In his final years in office, Obama plans to continue with the morning meditations, the birthday call with pastors and ad hoc prayer circles, said a senior administration official, who wasn’t authorized to comment by name on Obama’s spiritual life and requested anonymity.
Privately, Obama also speaks to staff of being mindful of his own spiritual responsibility to the nation, the official said. In times of crisis, from devastating hurricanes to tragic school shootings, many Americans look to their president as a source of strength and comfort.
“This office tends to make a person pray more,” Obama said last year in an interview with Cathedral Age magazine. “And as President Lincoln once said, ‘I have been driven to my knees many times by the overwhelming conviction that I had no place else to go.’”
Joshua DuBois, an informal spiritual adviser to Obama who ran the White House faith-based office until earlier this year, writes the devotionals for Obama and has compiled many of them in a forthcoming book, “The President’s Devotional,” to be released Oct. 22 by HarperOne.
A look at some of the devotionals, abridged for space, that have started the president’s day:
HOLDING OUR PEACE
“But the people held their peace and answered him not a word, for the king’s commandment was, `Do not answer him.”’ (2 Kings 18:36).
Dear God, give me judiciousness in response today. Help me discern when to speak and when to hold my peace. In the end, I know that the victory will be yours, and mine. Amen.
AS HE WHO SERVES
“Now there was also a dispute among them, as to which of them should be considered the greatest.
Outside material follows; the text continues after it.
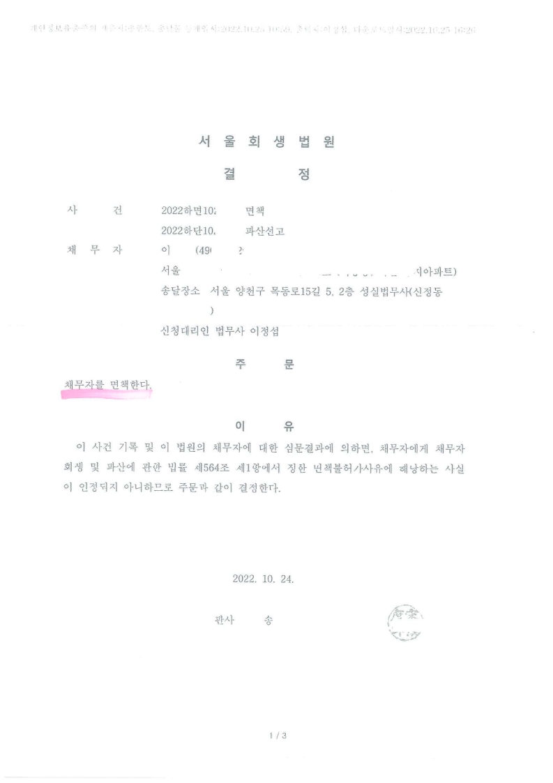 파산 개시결정 : 2022-10-24 사건번호 : 2022하면 00000 서울회생법원
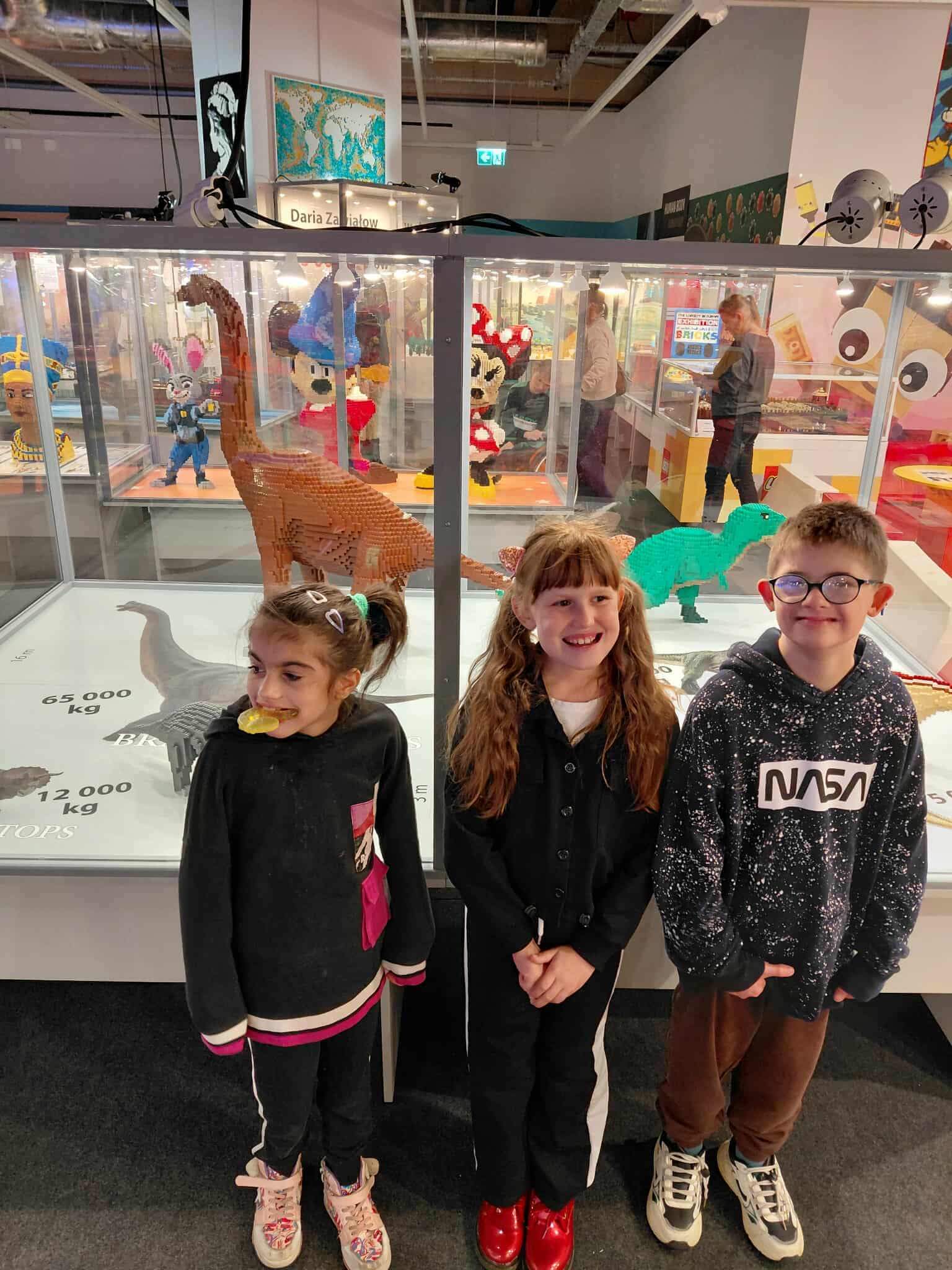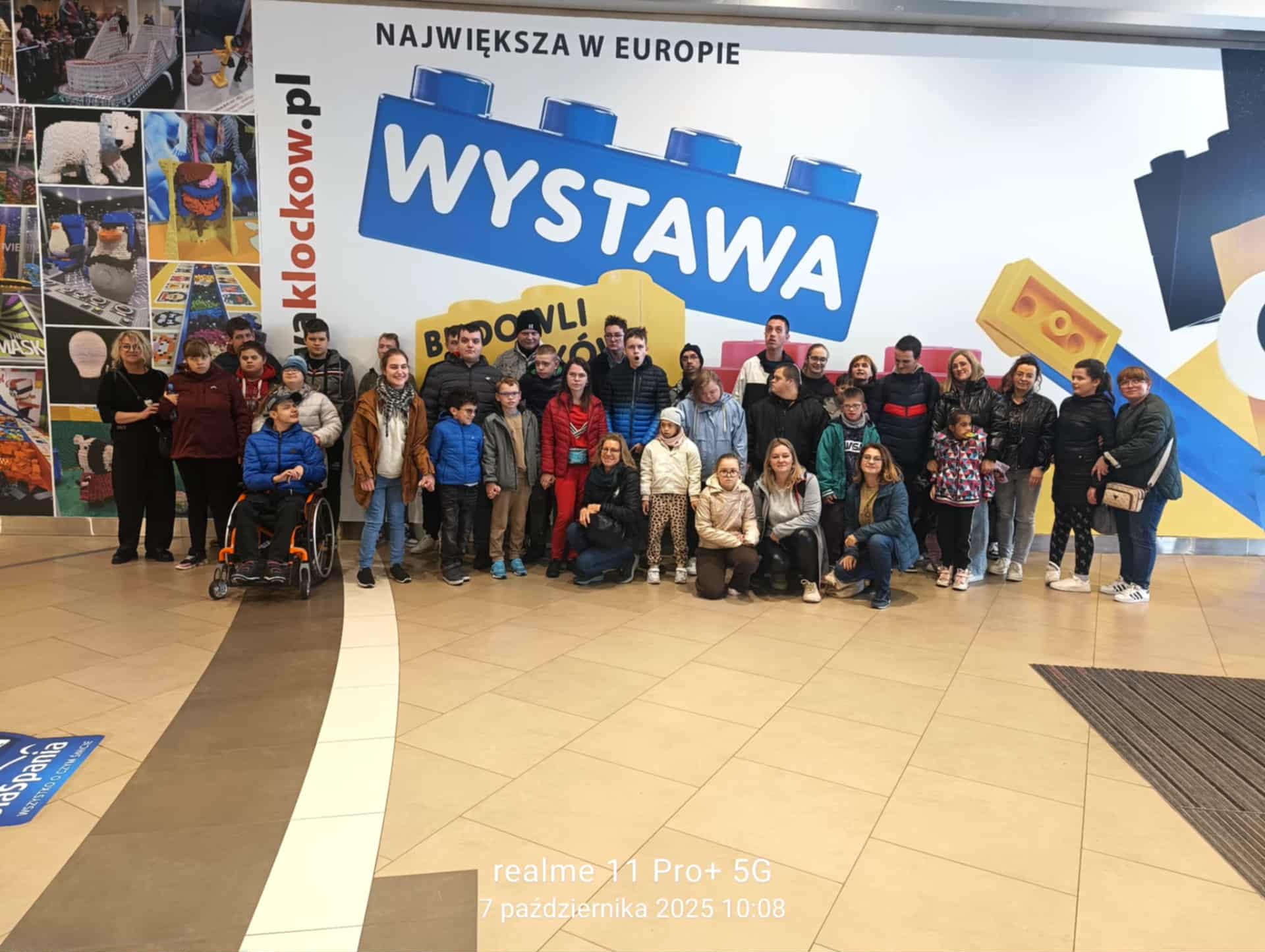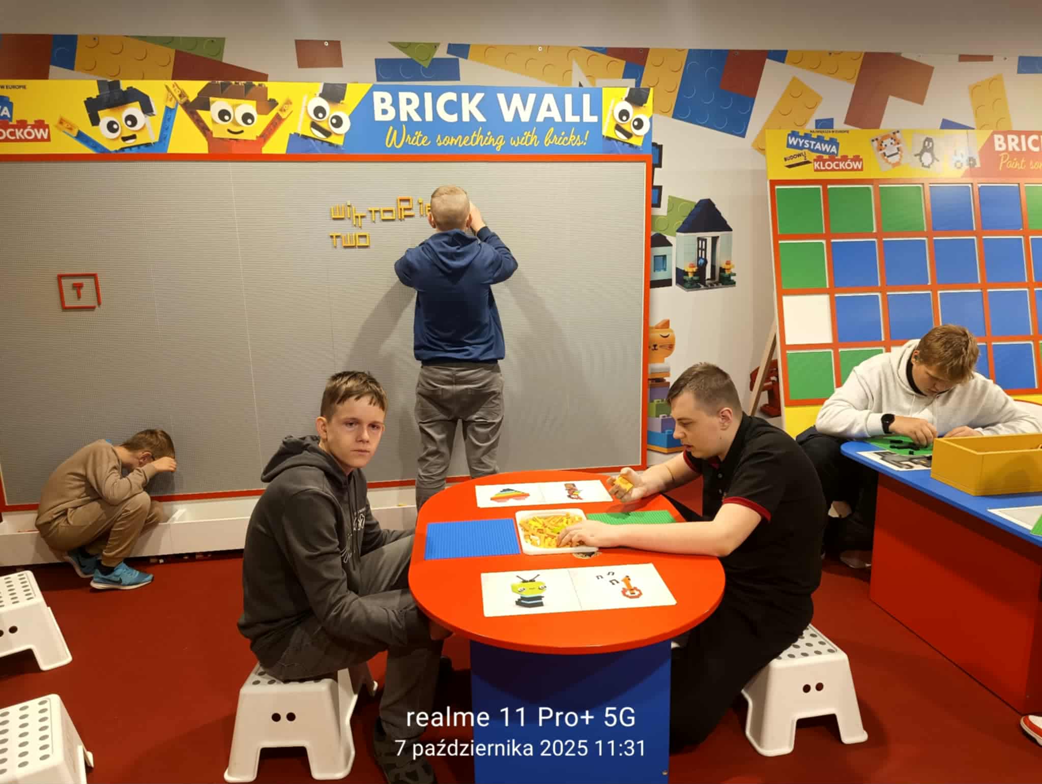 Nie zważając na jesienną szarugę, w dniu 7 października 2025 grupa uczniów naszej placówki wybrała się na wycieczkę do Łodzi. Z ciekawością zwiedzali największą w Europie wystawę budowli z klocków LEGO znajdującą się w Porcie Łódź. Do obejrzenia mieli niemal 100 makiet, setki modeli i 6 milionów klocków LEGO a z nich zbudowane znane światowe zabytki, postacie z bajek, świat dinozaurów, wynalazków i odkryć. W strefie Fun zone tworzyli własne, kreatywne budowle. Zabawy z klockami dostarczyły dzieciakom i młodzieży mnóstwa radości.

And He said to them, “The kings of the Gentiles exercise lordship over them, and those who exercise authority over them are called “benefactors.” But not so among you; on the contrary, he who is greatest among you, let him be as the younger, and he who governs as he who serves.”’ (Luke 22:24-26).
Dear God, constantly renew within me a servant’s heart. Let me be last and least, before I yearn to be first. Amen.
“I’ve learned that people will forget what you said, people will forget what you did, but people will never forget how you made them feel.” — Maya Angelou.
“Be careful, however, that the exercise of your rights does not become a stumbling block to the weak.” (1 Corinthians 8:9).
Dear God, let me put first things first — not only my own “rightness,” but my love for you and for others. Amen.
“Today we must balance the tears of sorrow with the tears of joy. Mix the bitter with the sweet in death and life. Jackie as a figure in history was a rock in the water, creating concentric circles and ripples of new possibility. He was medicine. He was immunized by God from catching the diseases that he fought. The Lord’s arms of protection enabled him to go through dangers seen and unseen, and he had the capacity to wear glory with grace. Jackie’s body was a temple of God. An instrument of peace. We would watch him disappear into nothingness and stand back as spectators, and watch the suffering from afar. The mercy of God intercepted this process Tuesday and permitted him to steal away home, where referees are out of place, and only the supreme judge of the universe speaks.” — The Rev. Jesse Jackson, eulogy for Jackie Robinson, who broke the color barrier in major league baseball in 1947.
Dear Lord, give us a Jackie Robinson spirit. Let us blaze new trails with dignity, determination and grace. And God, like Jackie, immunize us from catching the very diseases we fight. In Jesus’ name, amen.
“Let us not become weary in doing good, for at the proper time we will reap a harvest if we do not give up.” (Galatians 6:9).
Dear God, grant me the energy for a new struggle. Let me never grow weary in doing good. Amen.